However, the most important reason why one wants to manage relationships as binary steps in a path is for managing state variables. By limiting access to objects that can be reached to those that are related to a particular object, one greatly reduces access to the state variables (knowledge attributes) in the application. In effect, instantiating relationships at the object level is how the OO paradigm eliminates the problems of global data from procedural development. One effectively provides static structure to enforce business rules and policies about data access.
One can't do that very well in an RDB because the constraints one wants to enforce are usually limited to particular problems and that would compromise the generic access that is crucial to RDB persistence.
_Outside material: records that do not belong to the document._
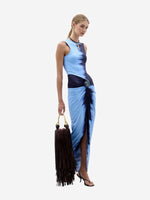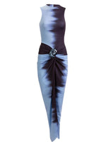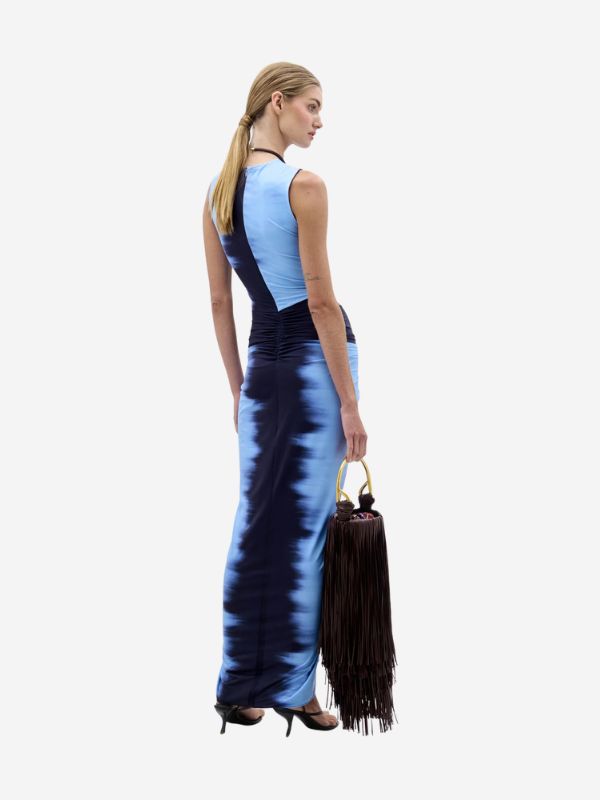 The Leni Dress from Silvia Silvia Tcherassi. This maxi dress features a twist detail and embellishment at waist and high slit.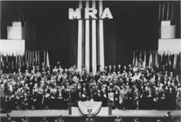 Mais c'est en Allemagne que le Réarmement moral conduit après-guerre l'une de ses plus vastes campagnes. Le , un groupe international comptant 260 personnes part de Zurich en bus en direction d'Ulm puis de Munich[32]. Pendant près de quatre ans, une centaine de personnes[33] du Réarmement moral vont se rendre dans toutes les régions et les villes du pays, où, pour beaucoup d'Allemands, leur visite marque la réouverture de l'Allemagne au monde extérieur. La pièce L'Élément oublié est jouée des centaines de fois, les radios interviewent des membres du groupe qui compte notamment d'anciens résistants au nazisme, par exemple les Norvégiens Leif Hovelsen[34] et Jens Wilhelmsen[35] ou la Française Irène Laure[36].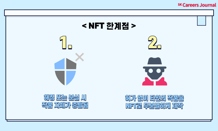 가장 큰 문제는 블록체인 자체가 해킹되거나 디지털 개인 지갑 및 주소를 분실하게 되면 작품 자체가 증발해버립니다. 이것이 현재 가장 큰 문제점 중 하나입니다. 또한 NFT 시장이 점점 커지면서 실제로 작품을 만든 사람들의 허가를 받지 않고 타인의 작품을 마음대로 NFT로 제작하는 문제가 있습니다.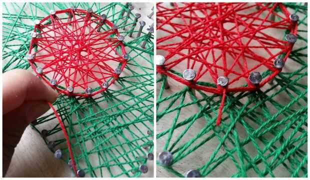 Usé hilo crochet rojo para completar el círculo en el centro.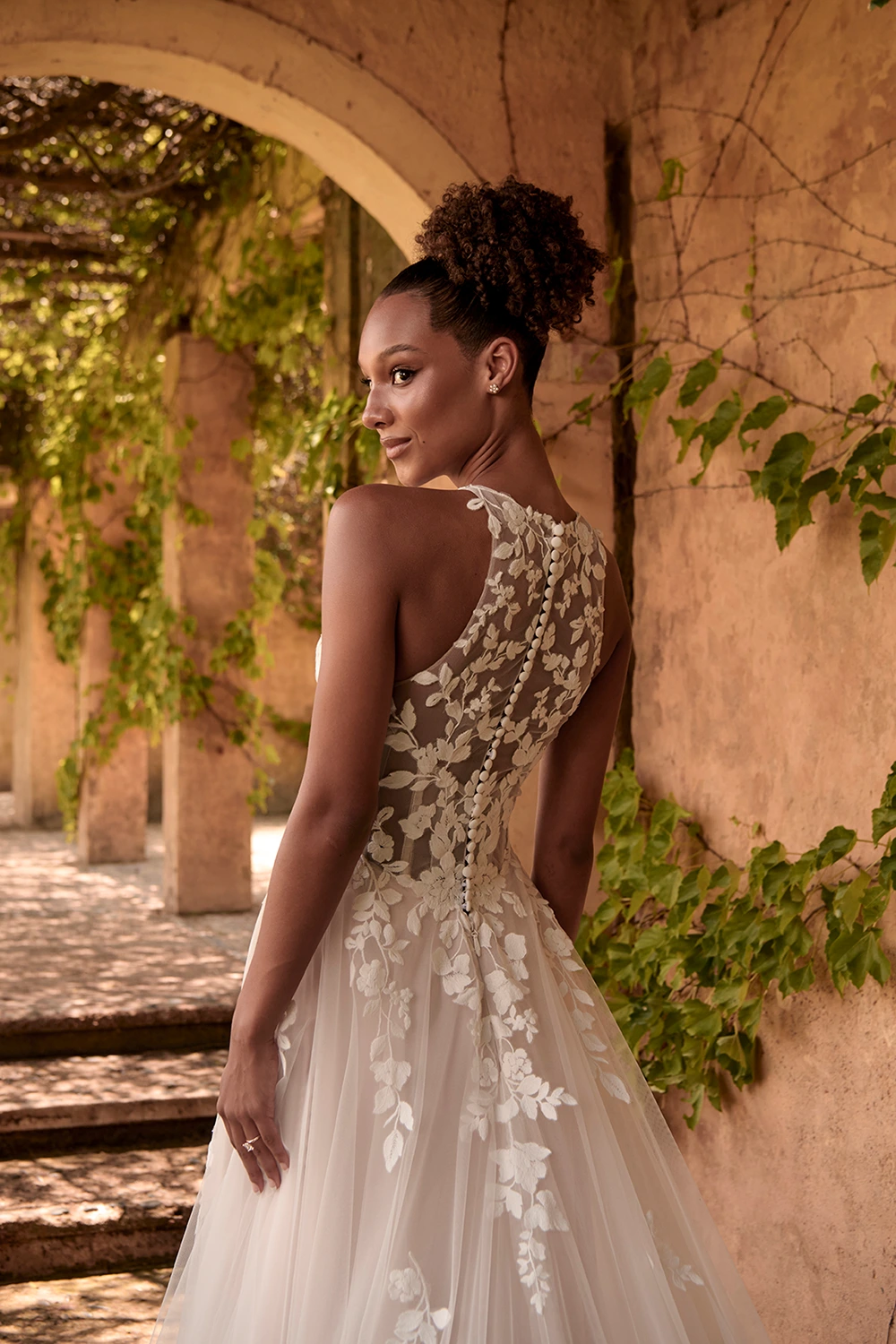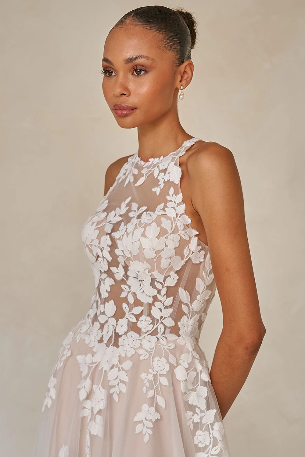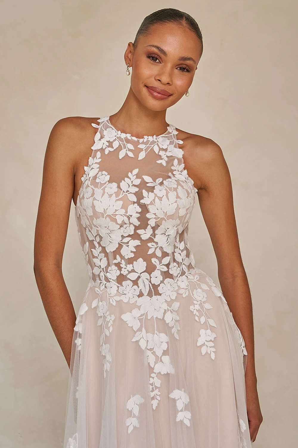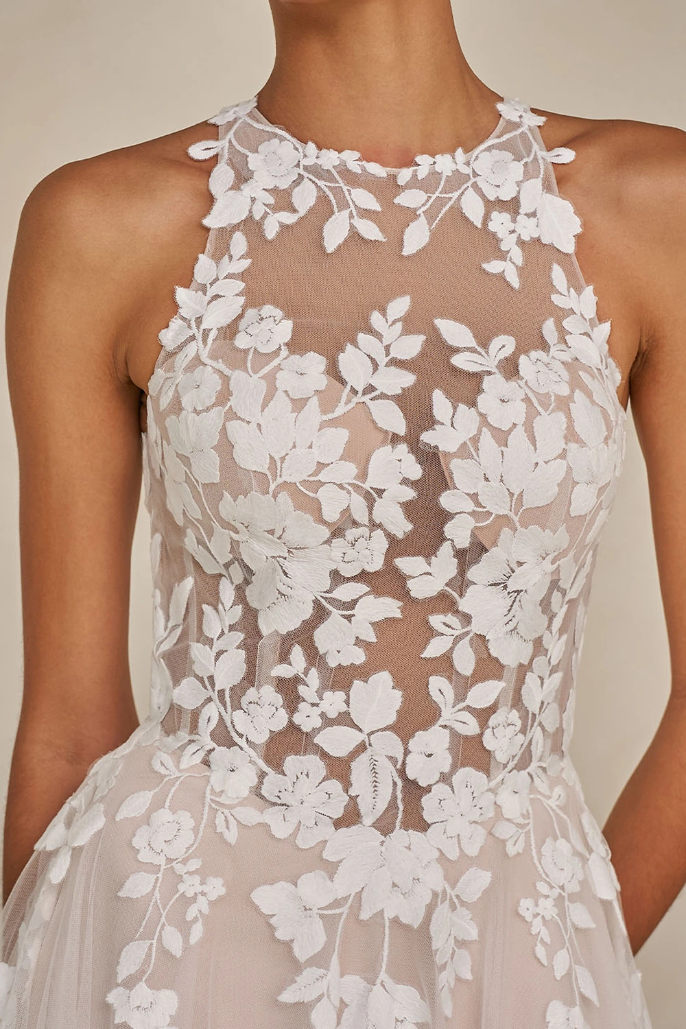 Das Modell Warner von Madi Lane ist ein A-Linien Brautkleid mit einem hochgeschlossenem Oberteil aus semitransparenter Spitze .

The price one pays for the decoupling of relationships and using static structure to enforce business rules on access is that one needs to explicitly write the code to navigate the relationships paths piecemeal. Fortunately, doing that is essentially idiomatic once one is used to it, so experienced developers rarely even think about it. [It also makes writing code generators for UML models much easier. B-)]
I've spent several hours on the lists, and have read a number of posts
that reference the same issue, but came across none that answered it
practical terms.
So I'd like to preface the question by saying that if the only
persistence model available to use was an RDBMS and OO was the only
design methodology. Given that, what is the best methodology for
solving the problem.
What is the correct correlation of this in a Object Oriented World.
1) Do I create another class called CompanyLocations that does the
search and creates the objects as needed. This doesn't work too well in
my opinion as the relationship does extend further to Locations have
Employees...would this mean that I would need a CompanyLocationEmployee
Class for searches?
Possibly. It depends on how important finding locations is to the overall problem, how likely it is that things may change in the future, and how complicated the search criteria is. If it is important, complex, and/or the paths may be volatile, then a separate object to navigate the paths may be justified on the basis of encapsulating important and complex business rules.
For example, a common situation is:
[Client]
| *
|
| R1
|
| accesses
| 1
[Tree]
| 0..1
|
| R2
|
| rooted at
| 1 0..1 child of
[Node] -------------------+
| 0..* |
| parent of |
| | R3
+----------------------+
[Node] and its relationships represent a classic model of any hierarchical tree fanning out from a root node. For various reasons it may be desirable to hide the navigation rules (e.g., binary tree vs., B-Tree) from [Client]. So one introduces [Tree] to do the grunt work of navigating the relationships.
However, I suspect here your answer would lie in providing collection classes that were peers of [Company] and [Location] at the OOP level.
2) Do I create a method search() in COmpany that returns all Companies
that start with "Micro" and then loop through these to search for
locations that match Seattle, WA?
Collection classes make ideal repositories for such searches. That is, the search will usually depend upon the organization of the collection, so the collection itself if the logical "owner" of such algorithms.
3) Do I fudge the Object Orientation, in Company and create a
search(companyName, city, state) method that searches across the
tables? And creates the necessary location instances as well?
No. [Company] should know as little about [Locations] and how they are organized as possible to reduce implementation dependencies. It may need to collaborate with [Location], but that will be within the context of its own responsibilities, not [Client]'s.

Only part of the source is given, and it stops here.